According to claim 6,
The head information extraction unit,
A MIDI file in which music genres are classified is received, at least one of a drum track, a piano track, a bass track, and a guitar track is extracted from the multi-track, and each of the plurality of tracks is applied to a preprocessor to correspond to each track. A multi-track music generating device for extracting first head information that

According to claim 6,
The head information generator learning unit,
The noise vector and the track and genre label condition vectors are applied to the head information generator learning model to output second head information based on the noise vector and the track and genre label condition vectors, and the first head information and the second head information are output. Set the input data of the discriminator of the head information generator learning model, set whether the first head information and the second head information are authentic or false as the output data of the discriminator of the head information generator learning model, and set the first head information and the second head information as output data.
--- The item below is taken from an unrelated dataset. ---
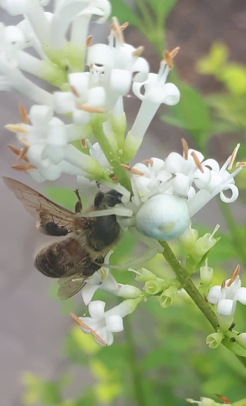 Farebná premena vyžaduje niekoľko dní a je riadená prostredníctvom zraku. Pavúk väčšinou striehne na kvetoch a listoch. Väčšinou sa živia muchami a malým hmyzom, no ako môžeme vidieť na fotografiách, trúfnu si aj na včely.

A multi-track music generating device that trains a head information generator learning model to determine whether head information is authentic.

According to claim 6,
The encoder and decoder learning unit,
A correct answer track and a genre label condition vector of the MIDI file are set as correct answer data for learning of a decoder, and a restored track and a genre label condition vector are generated by applying the first head feature information and n-node feature information to a decoder. and further training the encoder and decoder to calculate a difference between a correct track and genre label condition vector and a restored track and genre label condition vector.

According to claim 6,
The node generator learning unit,
Second head information is output by applying the noise vector and track and genre label condition vectors to the head information generator learning model, and second head feature information and n-node feature information are obtained by applying the second head information to the encoder. and outputting a first measure by combining the n measure feature information, track and genre label condition vectors, and measure order and applying them to the measure generator learning model, and outputting a first measure, and corresponding to each track from the multi-track of the MIDI file. In the state in which the second node is extracted, the node generator is trained to determine whether the first node and the second node are true or false by applying the first node and the second node to a discriminator of the node generator learning model, and continuously An apparatus for generating multi-track music for generating a first track by attaching a first measure to each other.